- How to complete this task -
Word for word, restate the lines from the one holding "Zderzenie trzech pojazdów" through the last line of the material below, and leave every picture out.

- Data provided -
····················

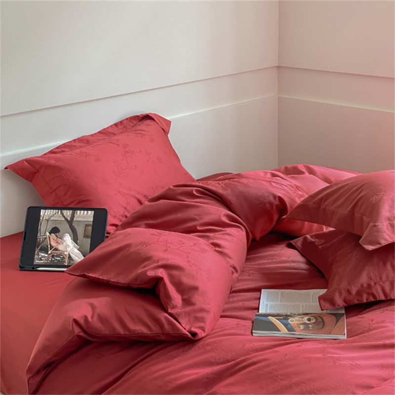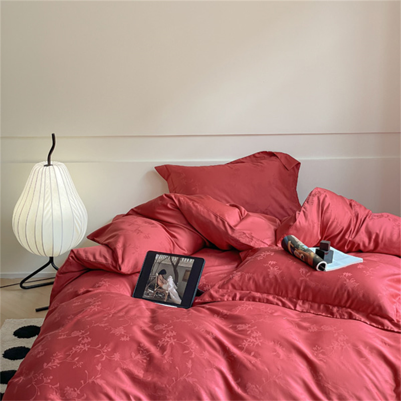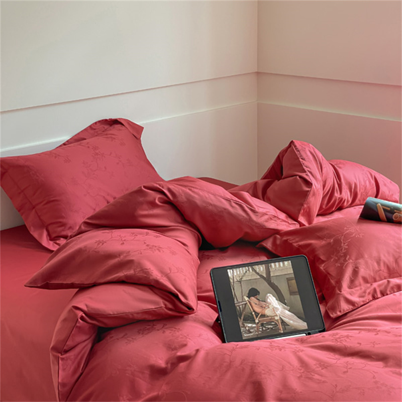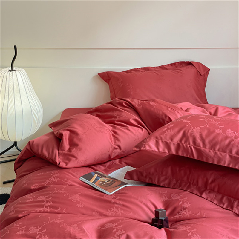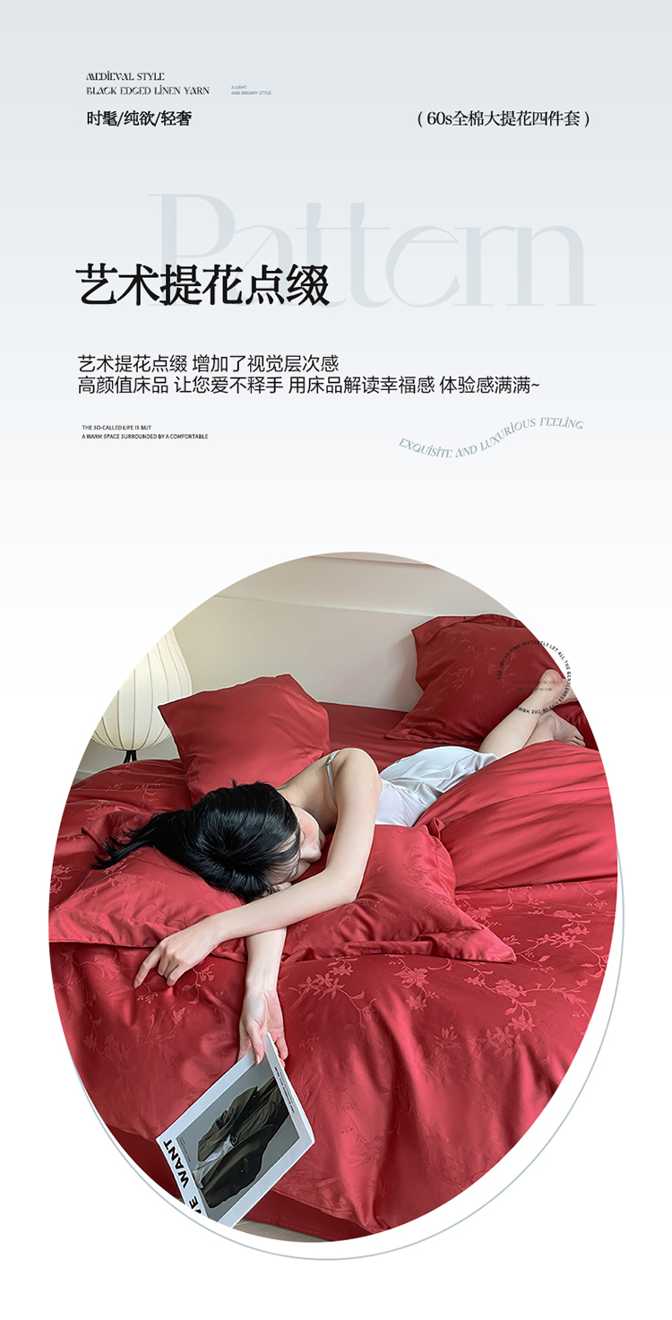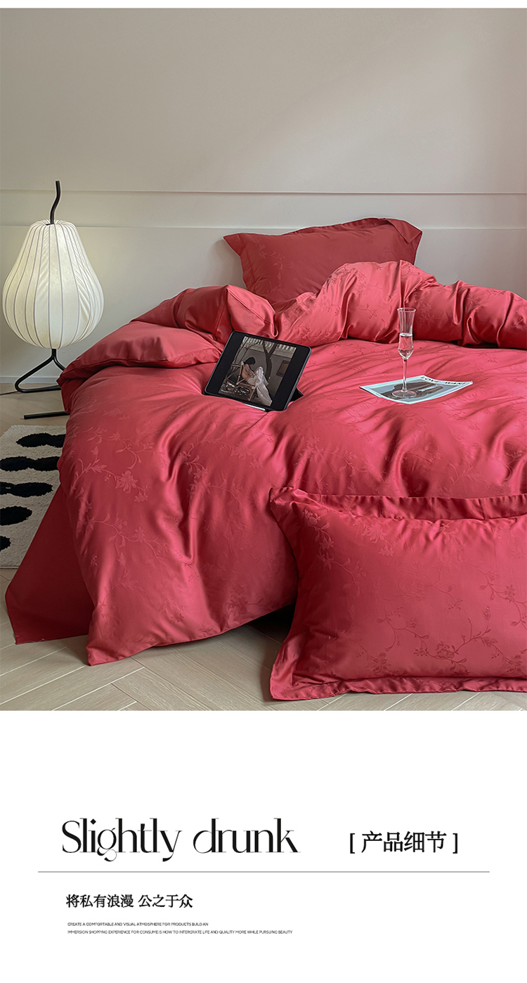 涵宸 2024新款全棉大提花系列四件套 生如夏花-红
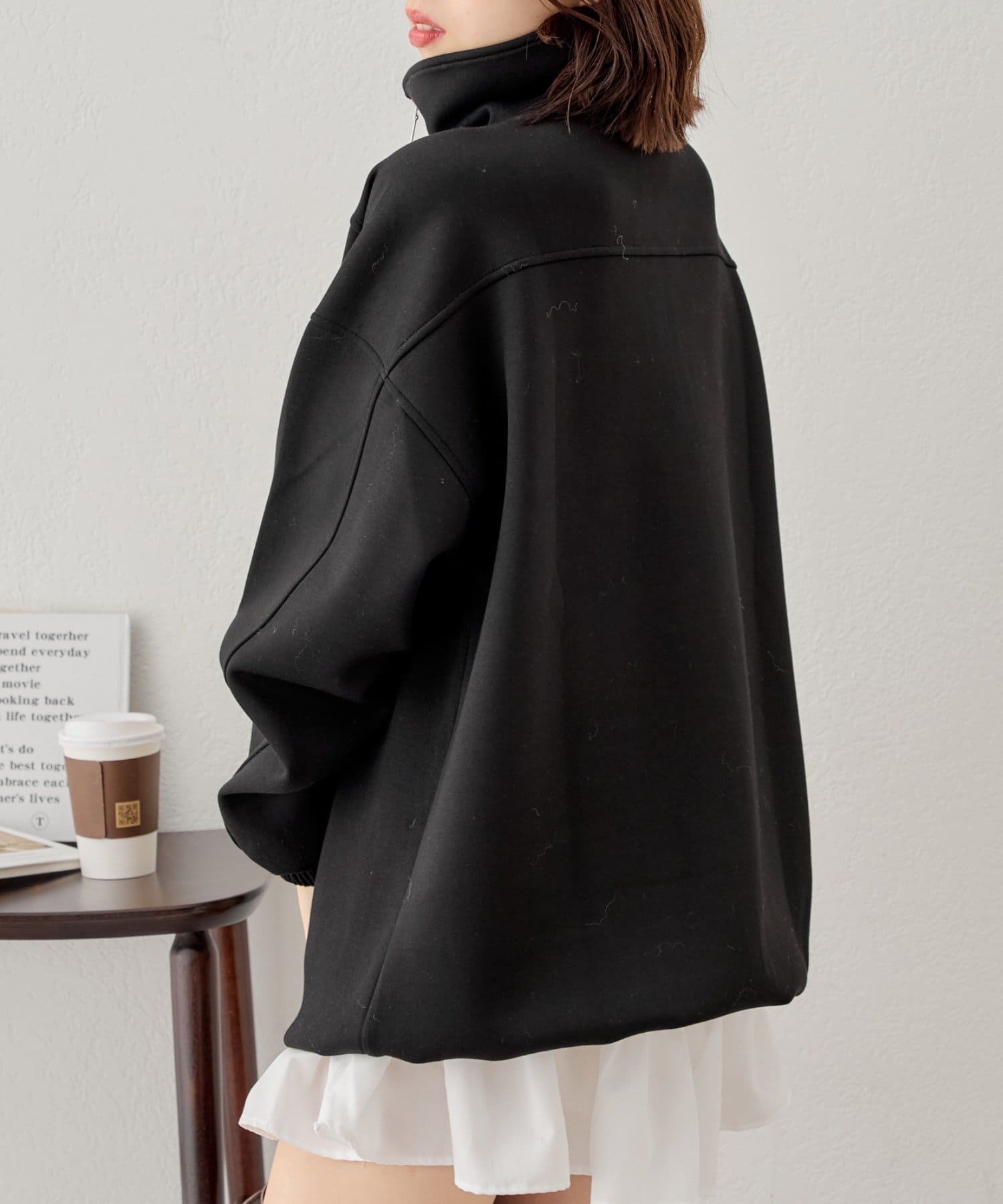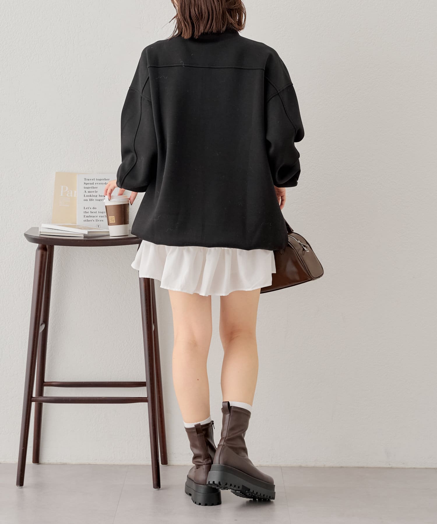 ・ジップを上まで上げずインナーにタートルネックをレイヤードしても可愛いです!
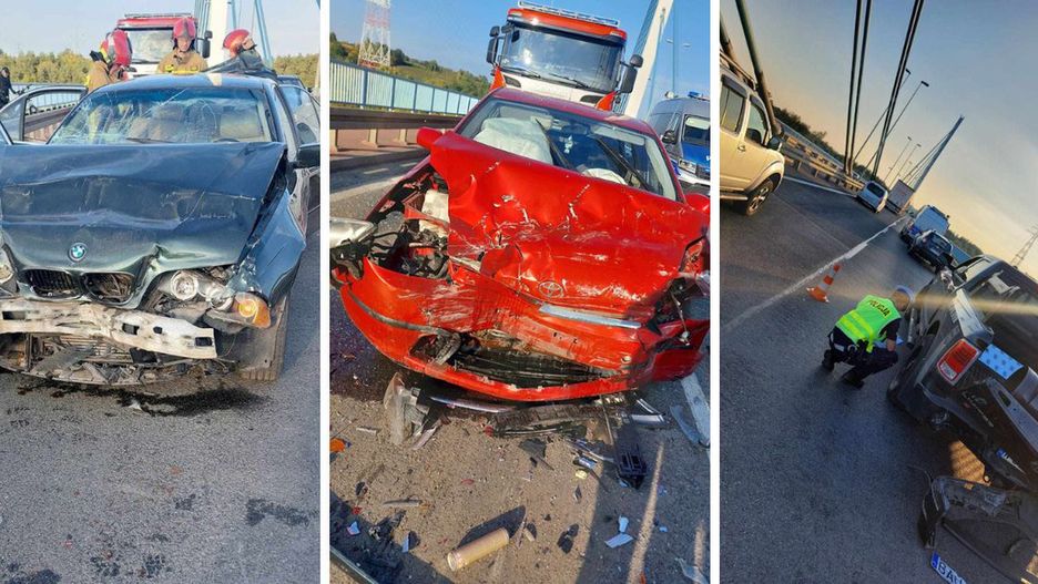 Zderzenie trzech pojazdów na Moście Solidarności
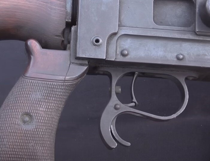 К пистолетной рукояти (к нижней части спусковой скобы) был перенесен и предохранитель, который представлял собой рычаг, в ненажатом состоянии блокирующий спусковой крючок.

····················

- Result of the exercise -
 Zderzenie trzech pojazdów na Moście Solidarności
 К пистолетной рукояти (к нижней части спусковой скобы) был перенесен и предохранитель, который представлял собой рычаг, в ненажатом состоянии блокирующий спусковой крючок.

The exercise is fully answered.